Problem with readline (command line editing)

suvayu ali fatkasuvayu+linux at gmail.com
Thu Dec 1 09:39:28 UTC 2011


Hi Cameron,

On Thu, Dec 1, 2011 at 04:59, Cameron Simpson <cs at zip.com.au> wrote:
> Might your terminal emulator settings have changed?
>

I use Terminal (the XFCE terminal app) as my terminal emulator. I looked
at its settings file, and everything seemed to be the way I have set it
(I haven't touched this file in over a year). That said, I think
Terminal is to blame here. I tried bash on xterm, and everything worked
just the way it should.

> Possibilities:
>
>  Alt and Meta are actually distinct keys in the X11 keyboard model;
>  this association may have been changed.
>

How do I check this in my case?

>  Terminal emulators choose to associate Alt and Meta too. Maybe your
>  terminal emulator config has changed.
>

Some how Terminal is choosing to ignore the Alt key. When I try to quote
say Alt+1 with Ctrl+v, I only get 1.

>  Ctrl-S is "XOFF" - cease output - when flow control is on on a
>  terminal/serial device (and terminals _are_ serial devices:-).
>  Readline probably turns this off, but may not. If Ctrl-S doesn't
>  prevent other typing, you can probably ignore this idea.
>

Ctrl-s seems to do nothing in my case. But as I mentioned in response to
Ranjan, this particular binding probably has never worked for me.

> Check your newly created user - be sure there is no default .inputrc.
> And isn't there a system wide inputrc, maybe in /etc?
>

The new user doesn't have an ~/.inputrc. I checked the global
/etc/inputrc, there seemed no out of the ordinary settings.

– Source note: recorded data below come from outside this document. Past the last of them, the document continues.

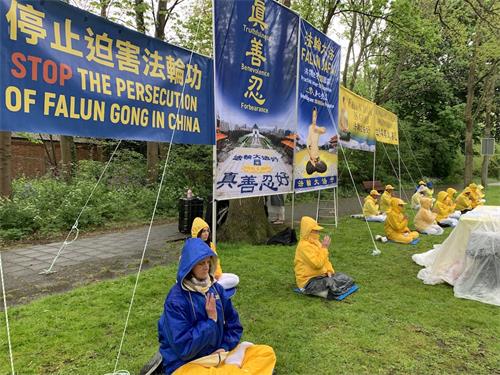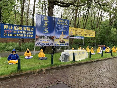 四月的荷兰正是鲜花盛开的季节,当日,天空飘起小雨。荷兰法轮功学员冒雨赶到位于海牙的中使馆,以和平的方式抗议中共非法迫害法轮功。
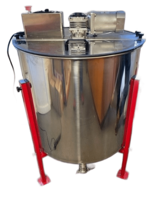 Budget 6 Frame Stainless Steel Radial Extractor (Electric), reversible motor, comes with legs and a stainless steel honey gate. There is 26cm from floor to bottom of honey tap.
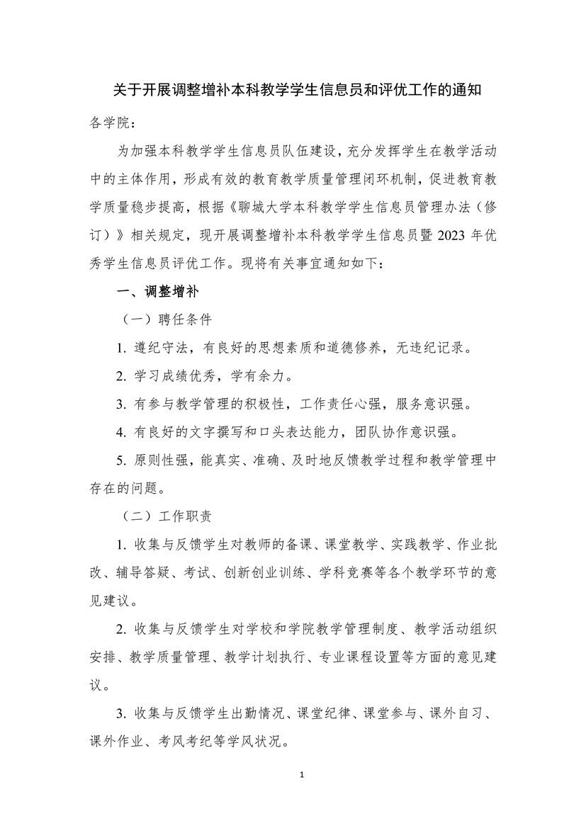 关于开展调整增补本科教学员工信息员暨评优工作的通知

> Check that you're using "emacs" command line editing; bash may only
> offer that, but zsh at least has a "vi" mode command line editing
> as well, which would break the mappings you expect.
>

The global inputrc has these lines:

...
set meta-flag on
set input-meta on
set convert-meta off
set output-meta on
...
$if mode=emacs
...
"\e[5C": forward-word
"\e[5D": backward-word
"\e[1;5C": forward-word
"\e[1;5D": backward-word
...
$endif

And using bind I see I am using emacs mode:

$ bind -v | grep emacs
set editing-mode emacs
set keymap emacs

> Do other readline capable programs also fail?
>

When run inside Terminal, they fail (e.g. python, zsh). But inside xterm
they work as expected.

I guess the problem is clear, Terminal has somehow changed. Maybe there
is some obscure settings somewhere which got changed somehow. I'll ask
on the fedora XFCE list.

> Cheers,

Thanks a lot for all the suggestions. They were very helpful.

-- 
Suvayu

Open source is the future. It sets us free.